A: If you allow your cockateel to fly freely in the house, you should have his wings clipped by a veterinarian familiar with birds. If you want to trim the wings yourself, have the vet demonstrate the technique to you first. Always use sharp scissors to prevent crushing or fraying of the feathers and remember to have handy a hemostatic agent, such as Kwick stop, to control any bleeding in case you have to pull a feather.

No vaccines are necessary, but you should observe your bird for any changes in his habits or behavior that might indicate an illness. The average life expectancy of a cockateel is 10 to 12 years.

Q: My neighbor's dog became sick and was taken to her vet and put in the hospital. They told her the dog had parvo. Can my dog get parvo from hers, and what should I do to protect him?

A: Canine Parvovirus enteritis, or CPV, is a highly contagious and serious disease that primarily affects the stomach and intestines of a dog. The most common signs are depression, lack of appetite, weakness, vomiting and bloody diarrhea, which may lead to dehydration and shock. In some cases, the disease is fatal.

Your dog may have been exposed to CPV, depending on the amount of contact with your neighbor's dog. Vaccination is still the easiest and best method of protecting your dog from CPV. If your dog has not been vaccinated within the past four to six months, I would recommend a booster, especially if your neighbor's dog has been allowed to come into contact or play with your dog.

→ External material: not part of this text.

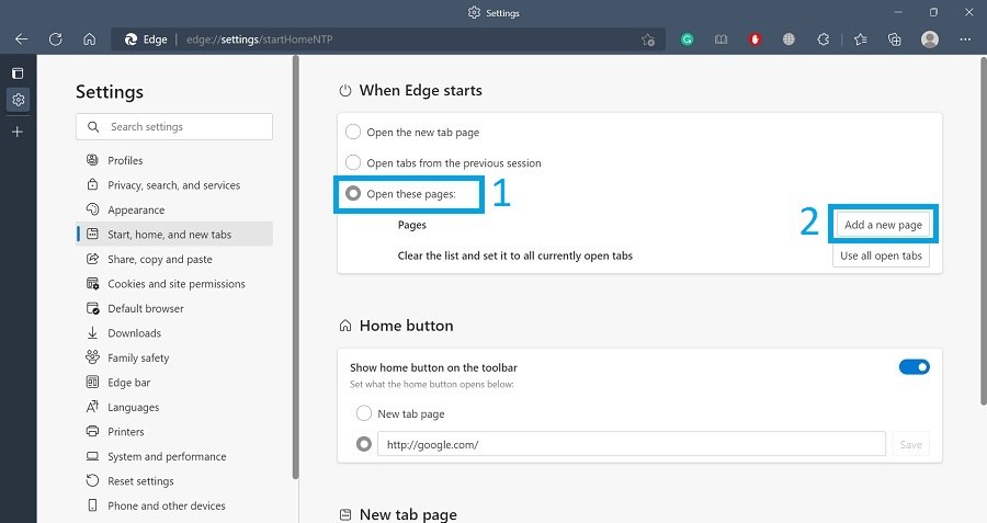 有趣的是,Edge允許您在啟動瀏覽器時設置多個頁面以打開。您可以按照與上述相同的說明添加更多頁面。

Q: My cat had some patches of hair missing and is being treated for ringworm by my vet. I was told that it could spread to my family. Where did my cat get ringworm, and can he get it again?

A: The most common form of ringworm in cats is a fungus called Microsporum canis , and it can be contagious to susceptible humans, such as children. Your cat may have gotten ringworm from contact with other infected cats, from soil contaminated with the spores of Microsporum canis , or from objects such as contaminated combs or brushes. Contact with people who have ringworm is also a possibility. Always wash your hands well after treating your cat, avoid unnecessary contact with your cat while he is still contagious, and consult your physician if you suspect you have any skin lesions.